At the store, I waited at the Geek Squad counter for a few minutes, until it became clear that nobody was manning it. I gave up and went to Customer Service, waited in the line there, and finally got to tell my story to the representative, who immediately told me that most of their laptops only come with starter installations, and that I could purchase an activation key if I wanted the full version. Again, I told her that she was wrong, so she went to confirm with a coworker, who sent her back to me with the same story. At that point, the manager got involved and asked me to show him which laptop I'd purchased. I showed him the sales card, as well as the box, and an employee in the computer department came along to confirm that yes, I should have had an activation key, and it should have been in the box. He tried to tell me that the activation keys are tied to the computers, but I didn't even need my brother shaking his head to know how wrong that was. How could I use a purchased key, as everyone along the way had been trying to sell me, if only the specific key for that computer would work? He quickly corrected his misspeech, saying that he was referring to their inventory control, which I can believe. (They also said that they didn't have activation keys lying around to hand me, which wasn't true - my brother pointed out the display where they were kept.) The manager offered to open another box, just to show that there was a key inside and to show me what it looked like, and if I still couldn't find mine, I could bring it back and swap for the box that had the key. (After spending hours patching the one I'd already bought... gee, thanks.) He took the box into the back, where I couldn't see him open it, and came out about a minute later with the paper that had the activation key on it. (The conspiracy theorist in me says it was never in the box at all, but I don't think he was lying to me at this point.)
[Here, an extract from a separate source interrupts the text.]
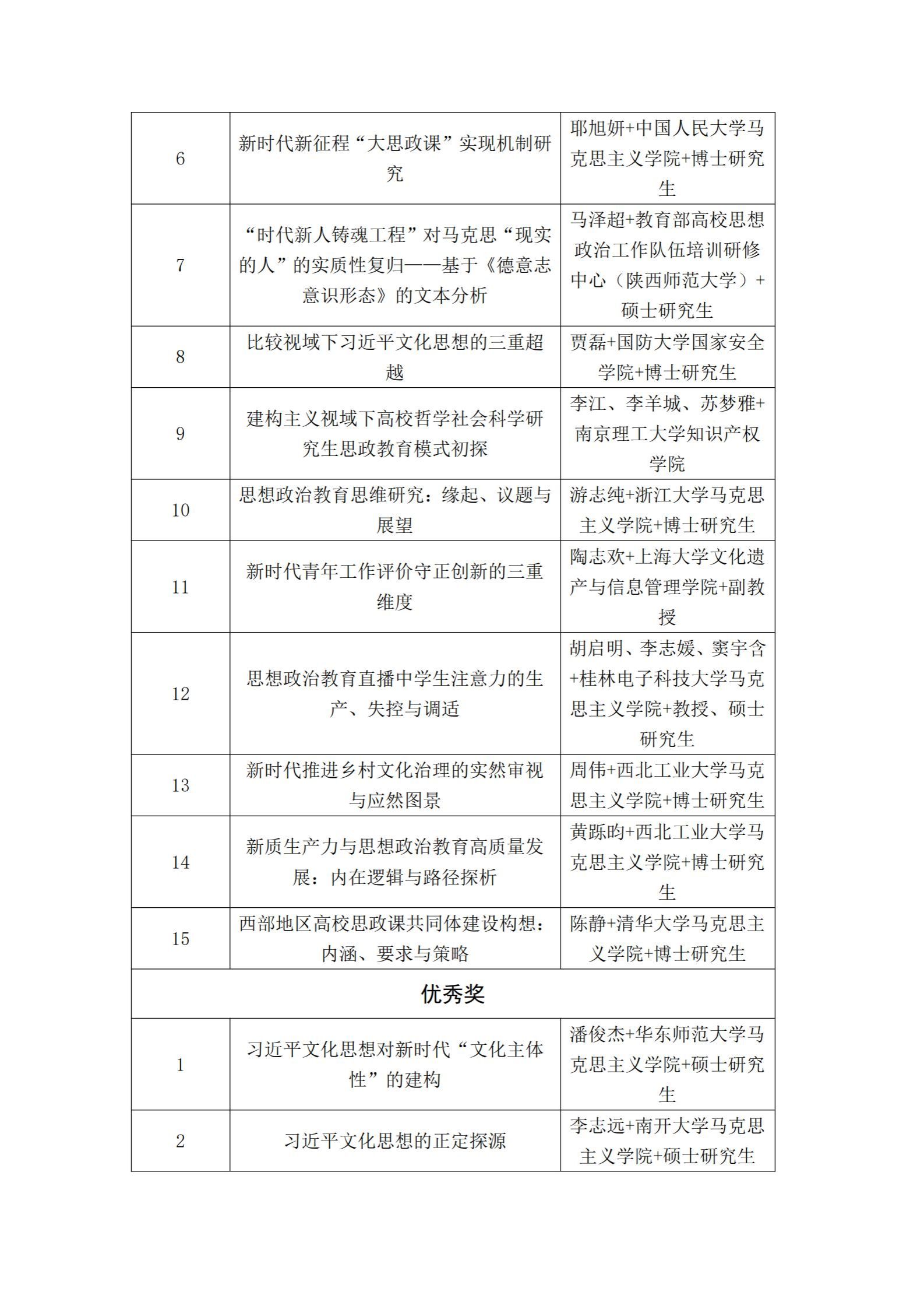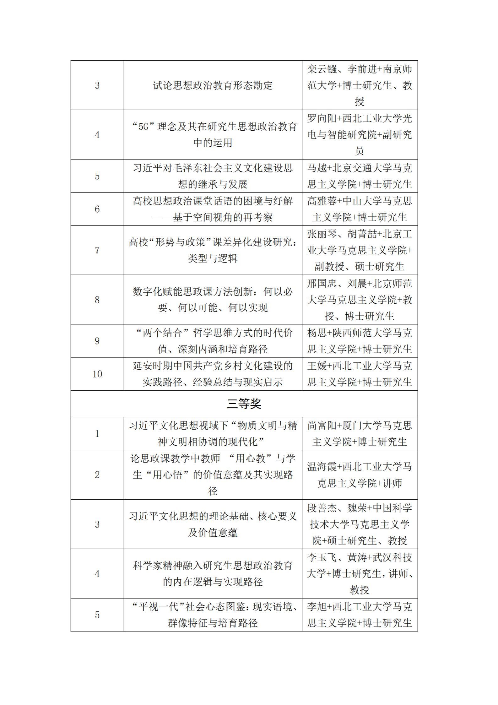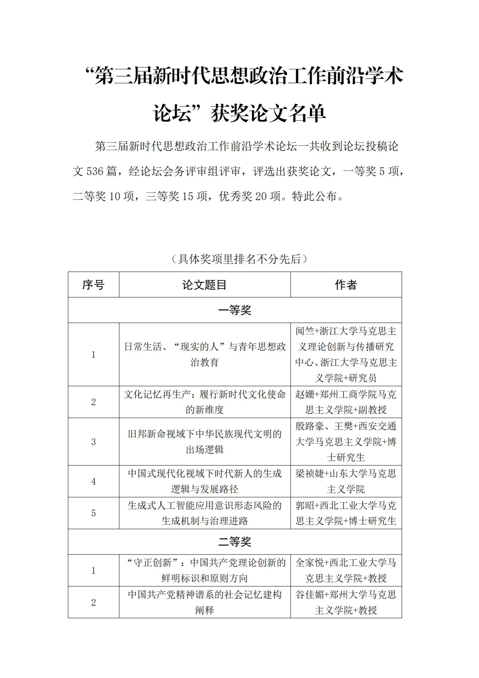 “第三届新时代思想政治工作前沿学术论坛”获奖论文名单

I went home and searched the box a third time, but didn't find the key anywhere. So I packed everything up, removing as much personal information from the laptop as I could, and brought it back to the store. They had to inspect the laptop to make sure I hadn't done anything to it, which required me to type in my password, but after way too much waiting, the manager told me that the one they'd opened in the store didn't even have the Office starter installed, so they were just going to give me the key from that one and let me take mine home with me. It worked, although the installer warned me that the installation might be corrupt, and I haven't noticed any problems since. What bothers me, though, is how many people along the way tried to tell me to spend more money until I corrected them. What if I'd been the gullible type, or hadn't been willing to stick to my guns? A couple came in while they were inspecting my laptop to trade in a cable modem they'd just bought because they didn't actually have cable. Would they have been able to tell Best Buy and Geek Squad employees that they knew the difference between "included" and "starter kit"? I don't claim that Best Buy were actively withholding Office activation keys unless the purchasers came back to complain in the hope of being able to resell those licenses for a profit, although that was on my mind through most of the procedure, but their employees are obviously too willing to give wrong information rather than doing the research or admitting that they don't know the answers and pointing me to people who can help. That may be worth an extra $130 to them, but it's wrong.

On the plus side, it IS a great laptop, and I'm having a lot of fun with it.